## SOURCE MATERIAL
******
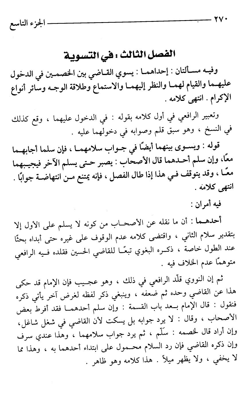 ثم إن النووي قلّد الرافعي في ذلك، وهو عجيب فإن الإمام قد حكى هذا عن القاضي وحده ثم ضعفه، وينبغي ذكر لفظه لغرض آخر يأتي ذكره فنقول: قال الإمام بعد باب القسمة: وإن سلم أحدهما فقد أفرط بعض الأصحاب، وقال: لا يرد جوابه بل يسكت لأن القاضي في شغل شاغل، وإن أراد قال لخصمه: سَلّم، ثم يرد جواب سلامهما، وهذا عندي سرف وإن ذكره القاضي فإن رد السلام محمول على ابتداء أحدهما به، وهذا مما لا يخفي، ولا يظهر ميلًا. هذا كلامه وهو ظاهر.
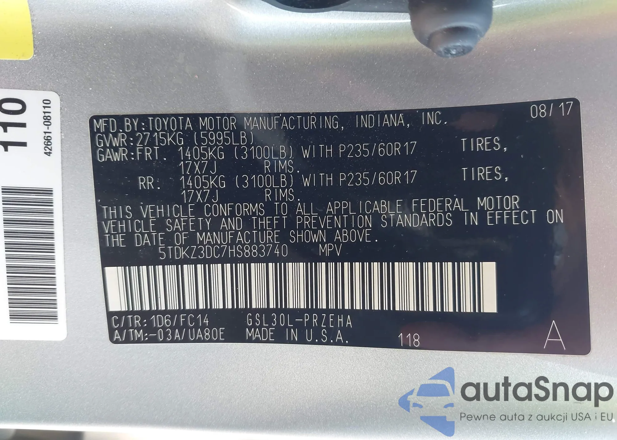 The car Toyota Sienna 2017 (VIN 5TDKZ3DC7HS883740) has not been auctioned before. The documents are clean, and the mileage matches or is below the market average. Sold by an insurance company – we recommend purchase. Delivery to the port will take approx. 6–8 weeks.
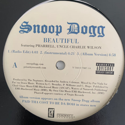 Snoop Dogg Feat Pharrell & Charlie Wilson “Beautiful” / “Ballin” Feat The Dramatics and Lil Half Dead 5 Version 12inch Vinyl
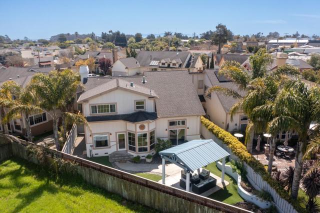 Welcome to this stunning 3-bedroom, 2-bathroom home in beautiful Santa Cruz. Spanning 2,123 sq ft, this property features a ground floor primary bedroom suite including a walk-in closet, spacious shower, plus separate tub, and double sinks with marble tile surfaces. The well-equipped kitchen features stainless steel appliances - new refrigerator, 5 burner gas cooktop, warming drawer, microwave, granite counter tops, and a breakfast nook with bay window overlooking the low maintenance back yard, perfect for outdoor entertaining at its best with a sitting area beneath a gazebo and the soothing sounds of a waterfall. Upstairs you will find two bedrooms, bath, and a large bonus room. The vaulted ceilings, a bay window, and high ceilings enhance the sense of space and light. The dining area and living room feature a cozy fireplace, perfect for relaxing evenings. The 2-car garage is equipped with an EV Hookup Level 2. Energy-efficient features include owned solar power. Recessed lighting in kitchen area, central forced air heating system, inside laundry. New front landscaping is maintained by the HOA. Located on a quiet cul-de-sac in a central location, near shopping, the beach, and freeway. Don't miss the chance to make this exceptional property your new home in Santa Cruz.
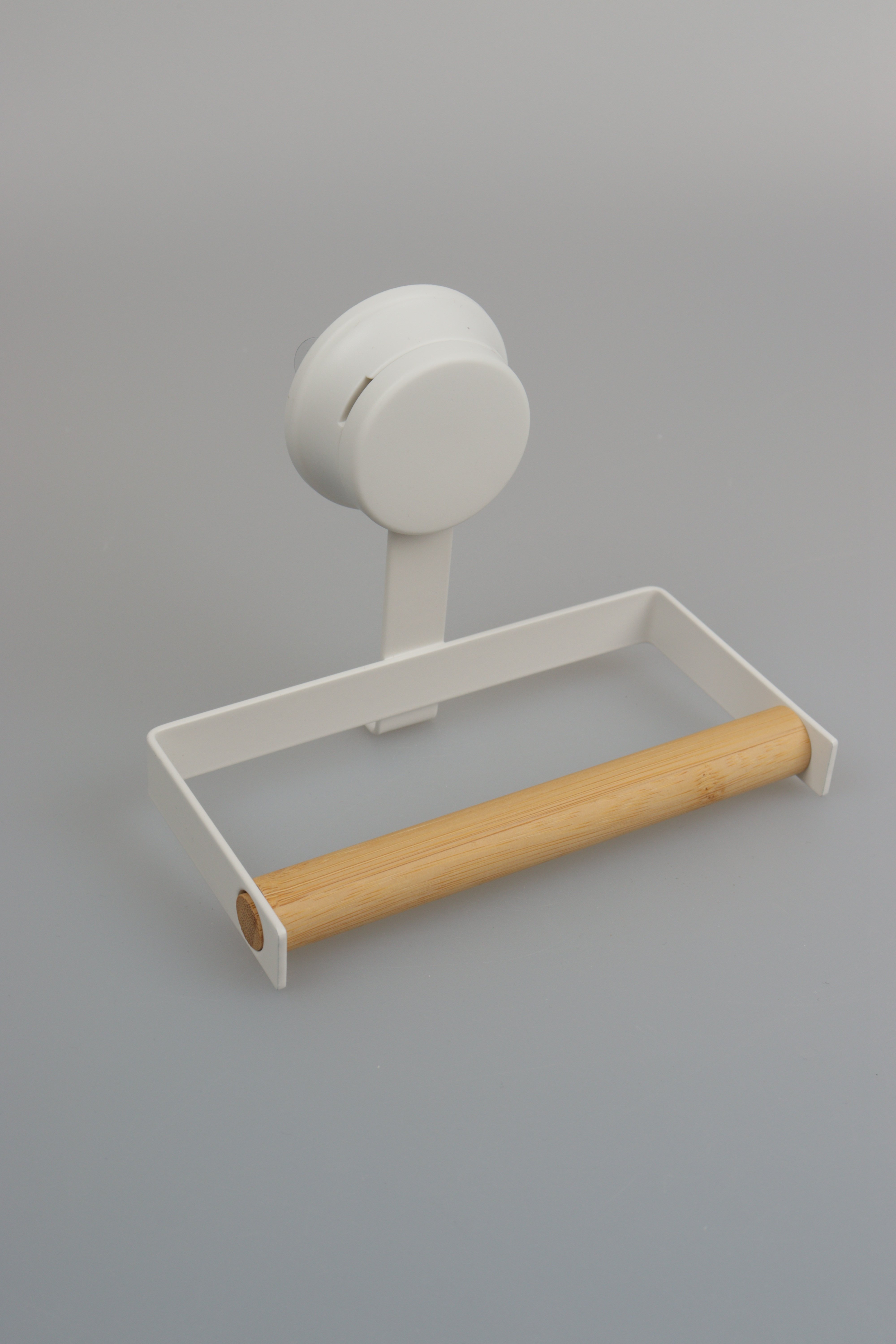 Держатель для полотенец белый, металл/бамбук на присоске W7837-3
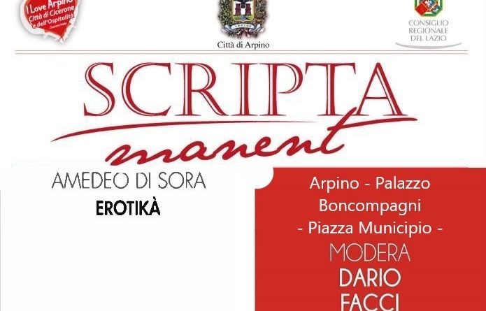 Giovedì prossimo, 19 agosto, alle 19, nella sala del Palazzo Boncompagni ad Arpino, si terrà la presentazione di Erotikà. Si
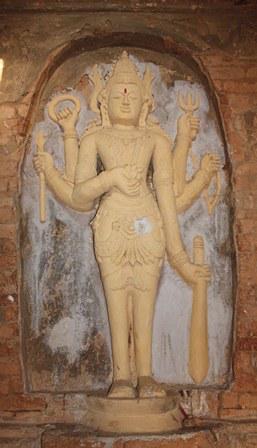 Le temple Abeyadana, construit par le roi Kyanzittha, est dédié à son épouse qui était originaire du Bengale. Les peintures murales illustrent plusieurs dieux brahmaniques : Siva monté sur sa monture Nandi, le taureau ou debout muni de six bras tenant ses attributs trident, massue, disque, chapelet ou lotus ; Vishnou tenant la conque et le disque, et chevauchant sa monture (Garuda) ; Brahma assis sur sa monture (Hamsa) et Devi (épouse de Shiva) sur sa monture (le lion) avec ses attributs (lotus et trident).
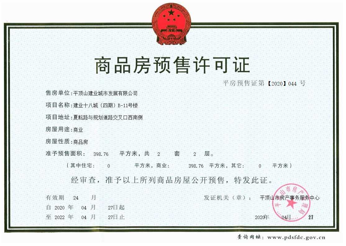 - 平房预售证第【2020】044号 详情发证时间 2020-04-27绑定楼栋建业十八城(四期)B-11号楼证件照片
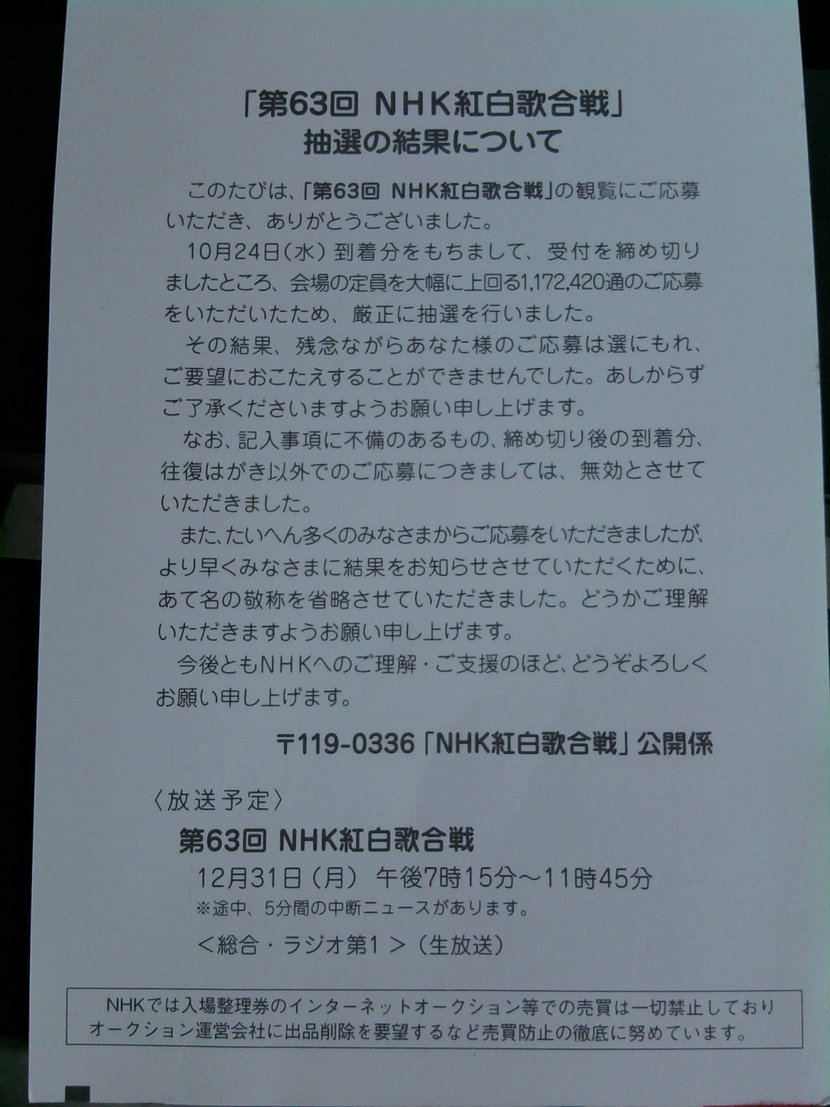 狩野自動車工業 狩野雄司のブログ nhk紅白歌合戦 観覧希望抽選会
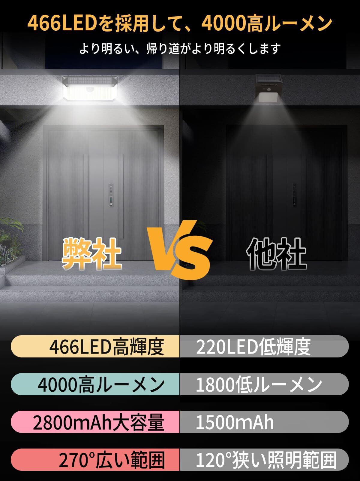 ソーラーライト 屋外 4000LM高輝度 防犯/防災ライト 防水 人感センサーライト 極高輝度業界【466LED・3面発光】3つ知能モード 2800mAh大容量バッテリー 防犯 太陽光発電 電気代ゼロ 自動点灯/消灯 ガーデン/壁掛け/庭先/表玄関/駐車場/停電時適用 地震/津波/台風/防災に対応 (1セット)
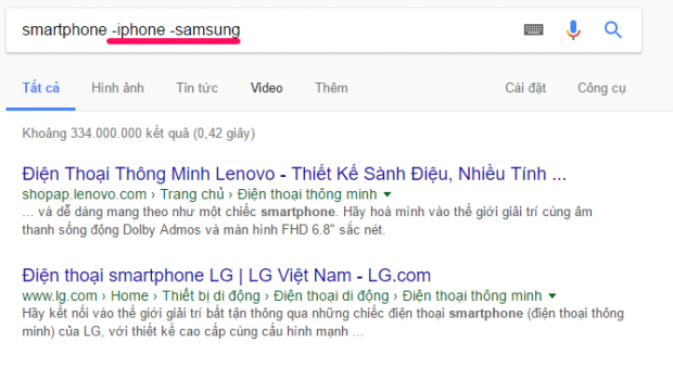 Nếu bạn muốn bỏ qua các kết quả có liên quan đến một nội dung nào đó chỉ cần gõ thêm dấu trừ - trước từ khóa đó.
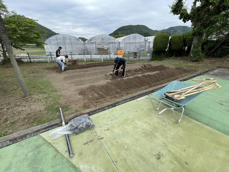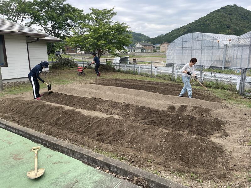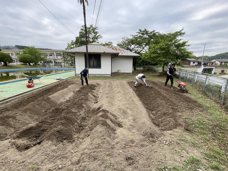 今日の放課後、さつまいも畑のうねづくりを保護者のみなさんと担任の先生方ががんばりました。
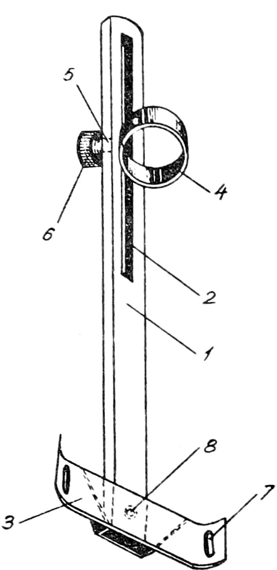 С целью дифференцированной разработки движений в межфаланговых суставах пальцев кисти с участием самого больного предлагается специальное устройство (см. рис.). Оно состоит из основания (7) с продольным пазом (2) на дистальном конце и браслетом (5) на проксимальном конце основания. В продольном пазе крепится кольцо (4) с помощью резьбового штыря (5) и винта (6). На концах браслета имеются поперечные прорези (7) для крепления. Основание соединено с браслетом шарниром (8).
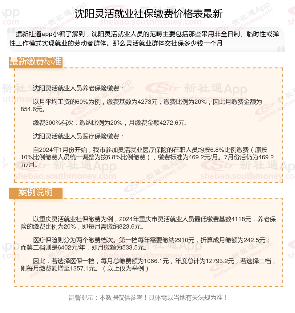 据新社通app数据显示,2024-2025年沈阳灵活就业人员养老保险的缴费标准:
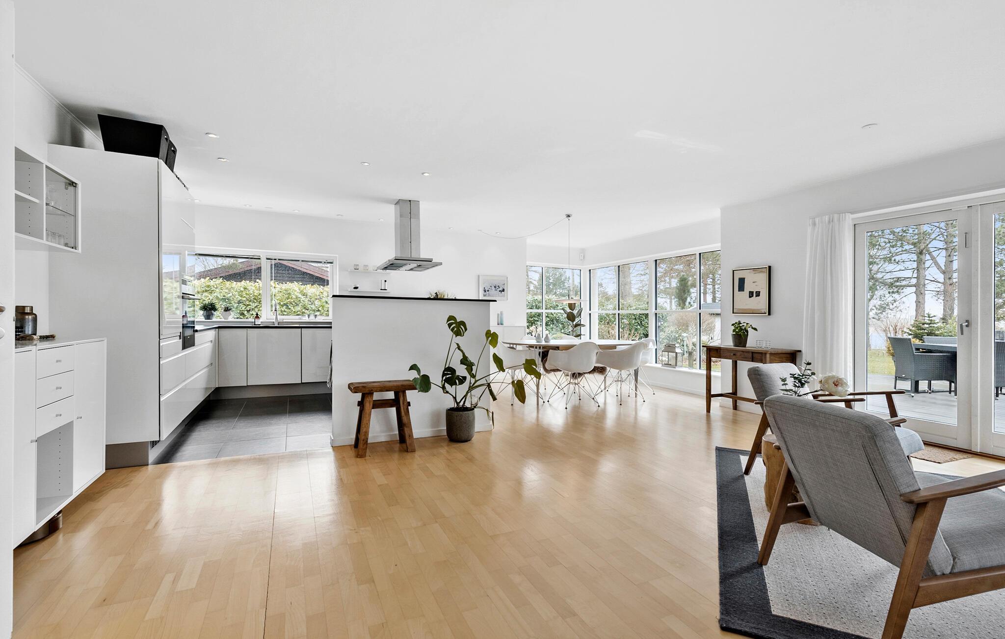 Willkommen zu dieser Oase der Ruhe und zu einem Wohlfühl-Urlaub in einer idealen Lage. Lassen Sie sich von dem eleganten Ambiente Ihres Ferienhauses verzaubern, das Entspannung mit Blick auf die dänische Landschaft verspricht. In der offenen, stilvollen Küche stehen Ihnen alle Möglichkeiten offen, um morgens, mittags und abends den Kochlöffel zu schwingen und Ihre eigenen Lieblingsgerichte zuzubereiten. Genießen Sie bereits beim Frühstück die wunderschöne Aussicht auf die Bucht Lejre Vig im Roskilde Fjord. Auch vom behaglichen Wohnbereich mit Kaminofen eröffnet sich der Blick auf das ruhige Blau des Meeres. Große Glastüren führen hinaus auf die einladende Terrasse, die mit schönen Gartenmöbeln zum Verweilen in der frischen Luft einlädt. Spielen Sie mit Ihren Kindern Fußball im Garten und gönnen Sie sich auch eine Pause auf der gemütlichen Bank am Feuerplatz.
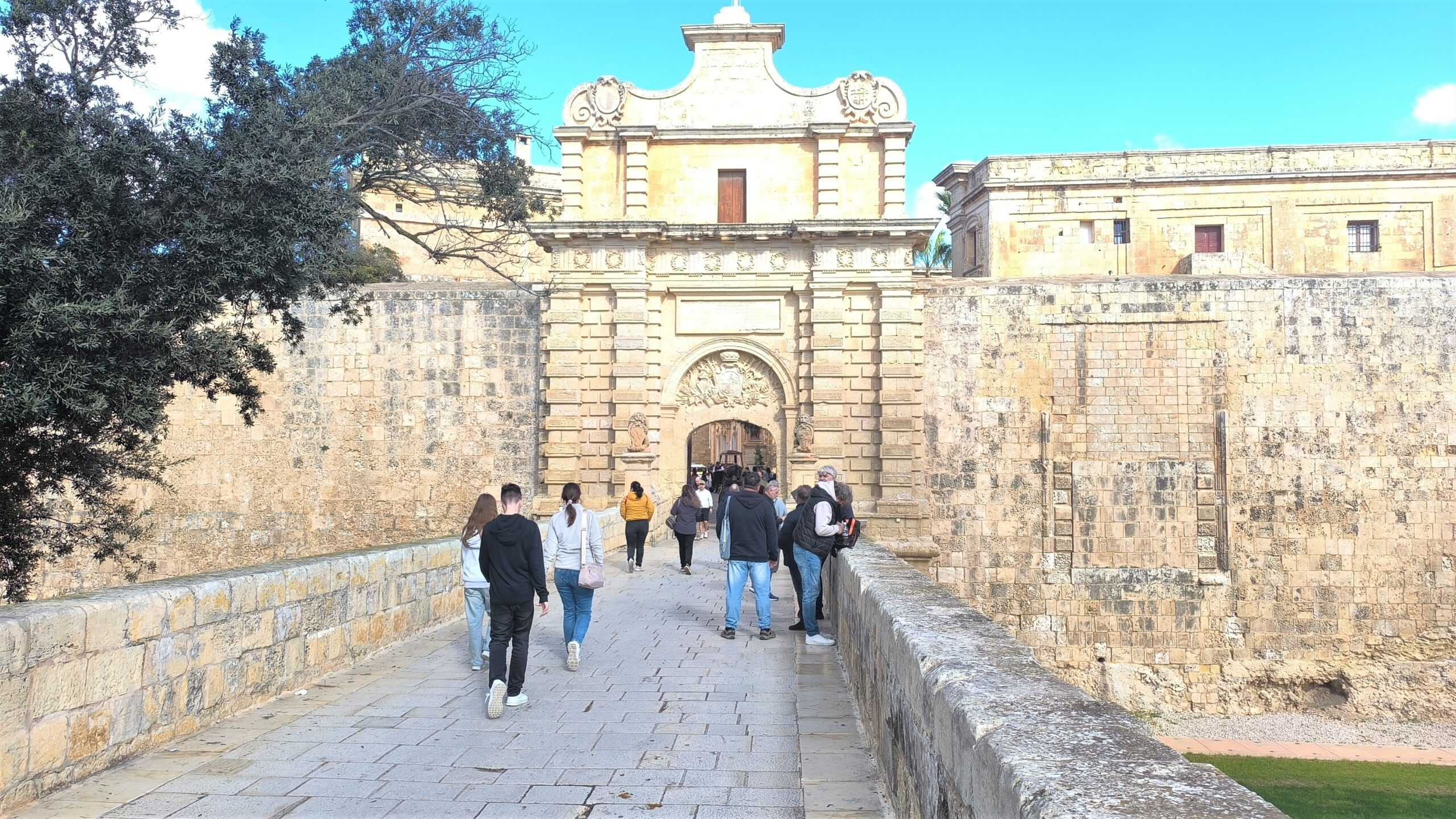 Do Mdiny sme vošli po kamennom moste cez hlavnú bránu, vyšli sme z bočnej strany priamo do obranného valu, prešli sa ním a na opačnej strane po schodoch vybehli v Rabate.
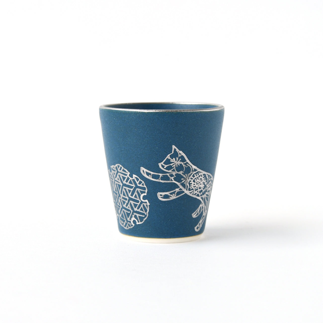 The matte texture and blue and platinum coloring give this sake cup a clean and cool impression.
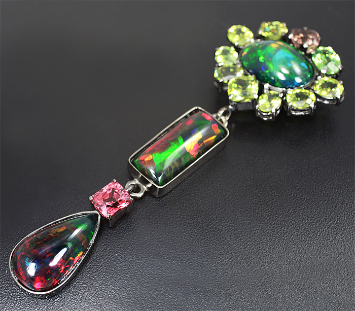 Кулон с черными опалами и самоцветами
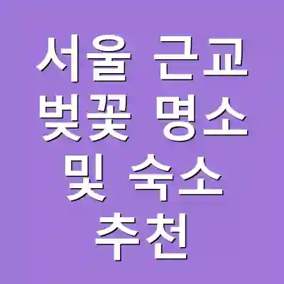 서울 근교에서 벚꽃을 즐길 수 있는 명소와 숙소를 소개했습니다. 여의도 한강공원과 석촌호수는 가족 단위 나들이에 적합하며, 편리한 숙소 선택이 중요합니다. 미리 계획하고 예약하여 스트레스 없는 봄 나들이를 즐기세요.
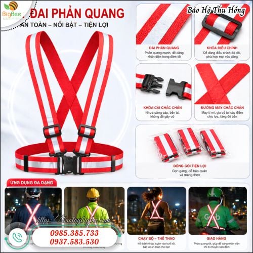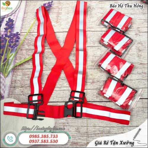 Dây áo phản quang (áo dây phản quang) là dòng sản phẩm thiết kế dạng dây đai chữ H phía trước và chữ X sau lưng, giúp ôm sát cơ thể và giữ cố định khi di chuyển. Phần dây có màu đỏ nổi bật kết hợp với dải phản quang màu xám chạy dọc, tạo hiệu ứng phản chiếu ánh sáng cực mạnh khi gặp đèn xe hoặc ánh sáng môi trường. Đây là yếu tố quan trọng giúp người sử dụng dễ dàng được nhận diện từ xa trong điều kiện thiếu sáng.
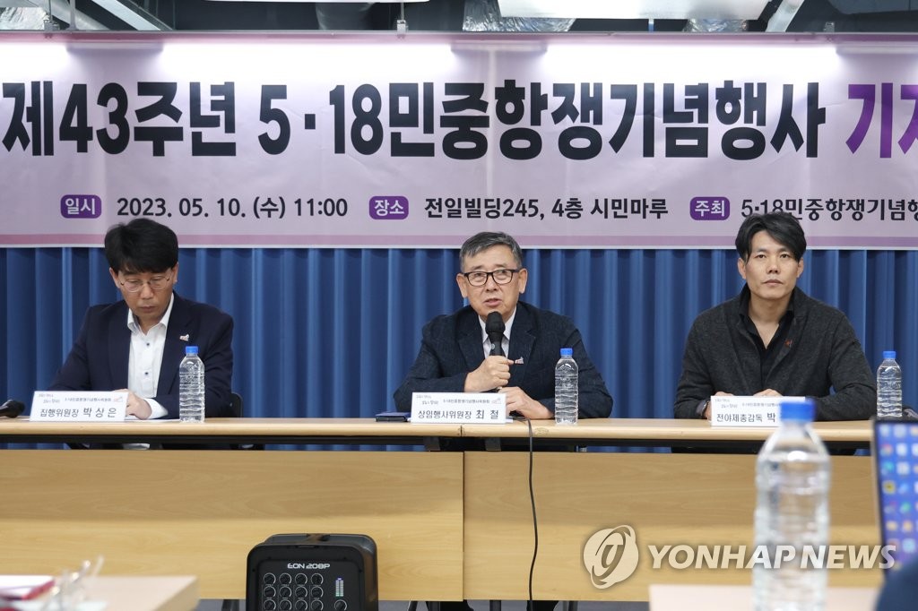 | ▲ 43주년 5·18 기념행사 준비 (광주=연합뉴스) 천정인 기자 = 10일 오전 광주 동구 전일빌딩245 4층 시민마루에서 열린 제43주년 5·18민중항쟁기념행사 기자간담회에서 최철 상임행사위원장이 발언하고 있다. 2023.5.10 iny@yna.co.kr |
******
## DIRECTIONS FOR THIS TASK
Every line from the one holding "Dây áo phản" through the final line of the data above is to be reproduced exactly, both ends included, with the pictures left out.

## TASK OUTPUT
 Dây áo phản quang (áo dây phản quang) là dòng sản phẩm thiết kế dạng dây đai chữ H phía trước và chữ X sau lưng, giúp ôm sát cơ thể và giữ cố định khi di chuyển. Phần dây có màu đỏ nổi bật kết hợp với dải phản quang màu xám chạy dọc, tạo hiệu ứng phản chiếu ánh sáng cực mạnh khi gặp đèn xe hoặc ánh sáng môi trường. Đây là yếu tố quan trọng giúp người sử dụng dễ dàng được nhận diện từ xa trong điều kiện thiếu sáng.
 | ▲ 43주년 5·18 기념행사 준비 (광주=연합뉴스) 천정인 기자 = 10일 오전 광주 동구 전일빌딩245 4층 시민마루에서 열린 제43주년 5·18민중항쟁기념행사 기자간담회에서 최철 상임행사위원장이 발언하고 있다. 2023.5.10 iny@yna.co.kr |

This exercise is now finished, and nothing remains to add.